Every line below between the one holding "聚合硫酸鐵按狀態分為液體和固" and the one holding "智通财经APP获悉,10月3", inclusive, should be copied exactly, and no other line.

====== Given entries ======

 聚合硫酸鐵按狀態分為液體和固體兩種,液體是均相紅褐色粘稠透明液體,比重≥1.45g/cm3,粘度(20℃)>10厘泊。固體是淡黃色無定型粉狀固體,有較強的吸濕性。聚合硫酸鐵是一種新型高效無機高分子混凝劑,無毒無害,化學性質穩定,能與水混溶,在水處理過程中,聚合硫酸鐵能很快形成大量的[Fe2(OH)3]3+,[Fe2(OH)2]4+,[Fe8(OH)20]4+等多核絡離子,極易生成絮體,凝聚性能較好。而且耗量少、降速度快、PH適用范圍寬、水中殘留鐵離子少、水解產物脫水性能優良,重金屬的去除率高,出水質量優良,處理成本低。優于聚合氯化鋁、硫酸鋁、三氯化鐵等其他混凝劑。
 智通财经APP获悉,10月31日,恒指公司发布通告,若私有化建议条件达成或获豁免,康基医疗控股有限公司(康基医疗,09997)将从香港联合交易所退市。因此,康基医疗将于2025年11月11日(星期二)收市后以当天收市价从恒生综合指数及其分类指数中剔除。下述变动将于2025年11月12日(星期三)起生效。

======
====== Given entries ======

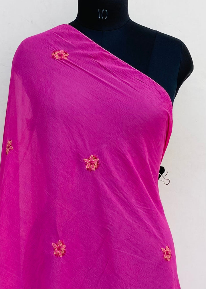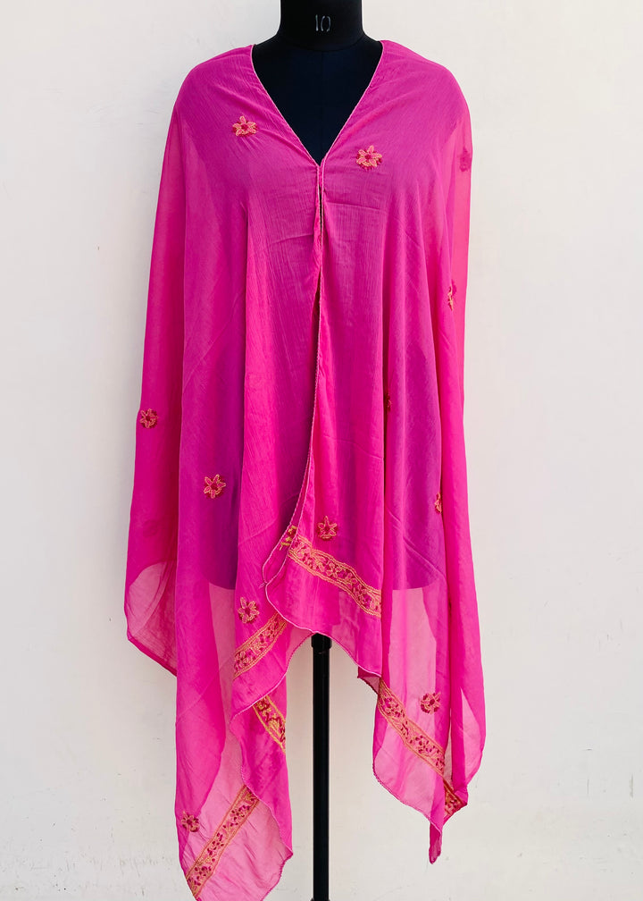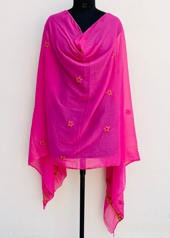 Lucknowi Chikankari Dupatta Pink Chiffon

======

### Task result
 聚合硫酸鐵按狀態分為液體和固體兩種,液體是均相紅褐色粘稠透明液體,比重≥1.45g/cm3,粘度(20℃)>10厘泊。固體是淡黃色無定型粉狀固體,有較強的吸濕性。聚合硫酸鐵是一種新型高效無機高分子混凝劑,無毒無害,化學性質穩定,能與水混溶,在水處理過程中,聚合硫酸鐵能很快形成大量的[Fe2(OH)3]3+,[Fe2(OH)2]4+,[Fe8(OH)20]4+等多核絡離子,極易生成絮體,凝聚性能較好。而且耗量少、降速度快、PH適用范圍寬、水中殘留鐵離子少、水解產物脫水性能優良,重金屬的去除率高,出水質量優良,處理成本低。優于聚合氯化鋁、硫酸鋁、三氯化鐵等其他混凝劑。
 智通财经APP获悉,10月31日,恒指公司发布通告,若私有化建议条件达成或获豁免,康基医疗控股有限公司(康基医疗,09997)将从香港联合交易所退市。因此,康基医疗将于2025年11月11日(星期二)收市后以当天收市价从恒生综合指数及其分类指数中剔除。下述变动将于2025年11月12日(星期三)起生效。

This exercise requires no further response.